DIESEL: Good question. Because at the time, I had to continue with 'The Chronicles of Riddick' and I don't do films in a reactionary way.
BUT THERE IS A RUMOR THAT YOU MAY GO BACK AND REVISIT 'THE FAST AND THE FURIOUS.' IS THAT JUST A RUMOR?
DIESEL: I haven't seen a script.
WOULD YOU CONSIDER IT IF YOU SAW A GOOD SCRIPT?
DIESEL: It'd be unfair for me to say that I would rule something out without seeing the script.
WERE YOU SURPRISED THAT THE SECOND ONE DID AS WELL AS IT DID?
DIESEL: No. I think that the first one was good enough. [Laughs]
IS 'THE PACIFIER' THE ONE THAT WAS ORIGINALLY A JACKIE CHAN PROJECT?
DIESEL: No. 'The Pacifier' is a comedy with kids.

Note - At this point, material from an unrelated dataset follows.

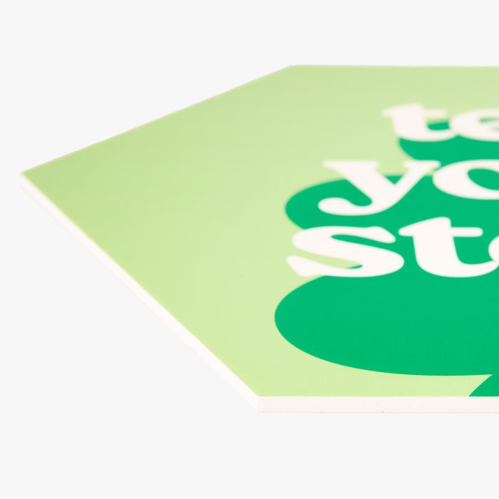 Hexagons zijn veelzijdige, zeshoekige panelen die je volledig personaliseert met jouw eigen ontwerp, foto of print. Door de unieke vorm zijn ze perfect om creatieve collages en decoratieve wandpresentaties mee te maken, zowel in kantoren als in woon- en commerciële ruimtes. Je kiest uit verschillende materialen zoals Forex, Dibond, Plexiglas of Multiplex, elk met een eigen uitstraling.

WHAT IS THE JACKIE CHAN PROJECT AND HOW DID THEY ADAPT IT FOR YOU?
DIESEL: They made my character, they had my character direct a stage performance of 'The Sound of Music.' Maybe that's because of my love of musicals. I don't know.
WILL WE EVER SEE YOU DO SOME STAGE?
DIESEL: See, I've told you that. I've told you that and you know this.
IS 'HANNIBAL' FINALLY HAPPENING?
DIESEL: Why are you saying is it finally happening? Have you heard me talk about that?
I KNOW EVERYTHING THAT YOU WANT TO DO.
DIESEL: Well there you go. That's proof of what I was saying before. I can tell you some production people that I'm working with if that means anything. Who knew that I was riding elephants? No! Okay, did you know that I was riding elephants? Did you know that David Franzoni wrote the script. David Franzoni penned an incredible script and you know what Franzoni has written, 'Gladiator' and 'Amistad.' Did you know that Silvane Dupree who is Ridley Scott's storyboard artist and storyboard 'Gladiator' has been working with me for the last month?
DO YOU HAVE A DIRECTOR?
DIESEL: [In Character Voice] You're about to get me in trouble. [Laughs] Did you know my intentions of doing it were to plan on doing a multi-lingual version of 'Hannibal The Conqueror?'
IN THE ORIGINAL ARAMAIC?
DIESEL: Not just in Aramaic. First of all, in ancient times, they're all speaking Greek. But Italian, obviously, for the Romans. And an ancient version of French for the Gaul. An old ancient Latin for Spain. An Carthaginian based language that I may use a Maltese language for. All that is in service of speaking to Hannibal. One of his greatest attributes was that he was able to amass a polly-got army of all these broken people to defy tyranny at the time.
DO YOU FEEL A RESPONSIBILITY TO YOUNG PEOPLE WHO LOOK UP TO YOU TO CHOSE ROLES CAUTIOUSLY?
DIESEL: I think that I have to chose quality pieces and I think that my responsibility is to dedicate myself wholeheartedly to these pictures which isn't hard because I'm a workaholic and I've got this tunnel vision. But also, for me, I like to work on a picture over a long period of time and exhaust the possibilities. It was five years for 'Chronicles.'
HOW DO YOU HAVE TIME FOR LIFE?
DIESEL: That's a good question.
ARE YOU AWARE OF THE BREAK-DANCING VIDEO OF YOU?
DIESEL: Oh yeah. I was a street performer.
WERE YOU AUDITIONING FOR SOMETHING?
DIESEL: No, no, no. I used to be a street performer in New York. I swear to you, when 'Flashdance' was out, I was doing that in the streets.